I'm trying to celebrate the little things.  So it's important that I walked out the door, ok?

My first challenge was to unlock the gates.  We're currently living with my parents.  I'm 39.  So my parents are old people.  In the last month or so that I have lived with my parents, I have not found a single cliche about old people not to ring true.  Testimony to this is that it took me a full ten minutes to escape from my own parents house, as it involved unlocking several gates and heaving them open (honestly: surely at least another 57 calories burned).

Having found freedom from Alcatraz, I swam for my life.  That is really how it felt, trying to walk briskly in the downpour.  Yes, it had resumed raining.  Quite hard, really.

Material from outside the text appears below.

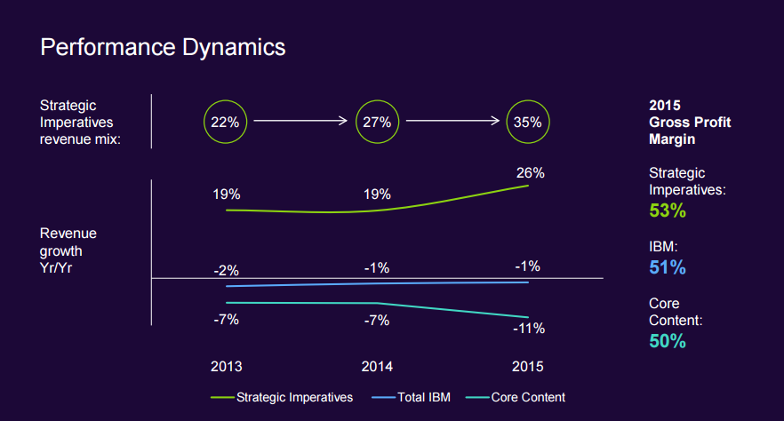 In 2015, revenue from strategic imperatives accounted for 35% of IBM's total revenue, and despite their size, growth is accelerating. The strategic imperatives grew revenue by 26% last year, adjusted for currency, while the rest of the business shrank.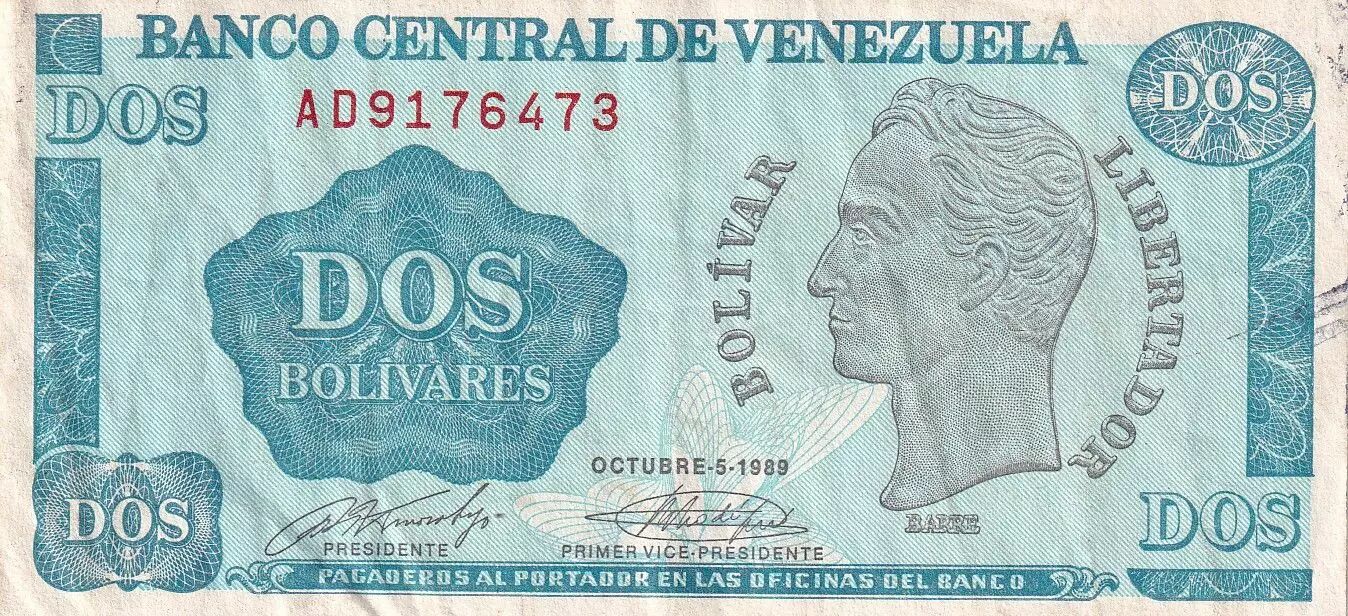 Home > > Venezuela 2 Bolivares - Simon Bolivar - Arms - 1989 - Serial AD - P.69

Then something unusual happened.  I started to run.  Or fat people's version of running, anyway, which is how I used to run even when I was slim, which is to say, I jogged and tried not to look too silly despite not really knowing what to do with my hands.  I did the 30 second / 1.30 minute thing (approximately, of course; you'll learn that I'm not one of Those Organised People).  After doing it five times, I did it twice more.  Uphill.

It felt good.

I got to the top of the hill, which is, in my parents' neighbourhood, a main road.  So I thought I may as well run a little more, after all, it was downhill.  Weeeeee, I was flying, I was flying!  I WAS FLYING!

Oh, that was hard and rather sudden.  I was on my arse.  Imagine how skinny people must feel when they land hard on their arse bones, without all that nice cushioning, I thought to myself.  But then, they wouldn't land so hard, because they're lighter, like feathers, and so they'd kind of float to Mother Earth.  

Note to self: avoid slippery manhole thingies at least until you can flap your fairy wings and gracefully float over them.

Thankfully, people in this neighbourhood are all slack and, to my surprise, I had not been joined by 1000s of 12wbt'ers.  There might have been one other of us, but I couldn't be sure.  He looked like he was in his own private world of pain, and so it didn't matter.  And other than him, it was just me and a few cars.  

The rest of the walk (there were no more overeager attempts to get a gold star in running on the beginner lose-that-lard program) was quite uneventful, with each minute distinguishable from the last only in terms of whether it rained like the sky was falling in or merely like the clouds were going to crush me.

I arrived home to find hubby very angry indeed.  "You said half an hour! It's 7.20am!" 

"Oh, is it?".  I was in that buoyant state of happiness that can only come with exercise.  "Here Bubs, let's have a cuddle".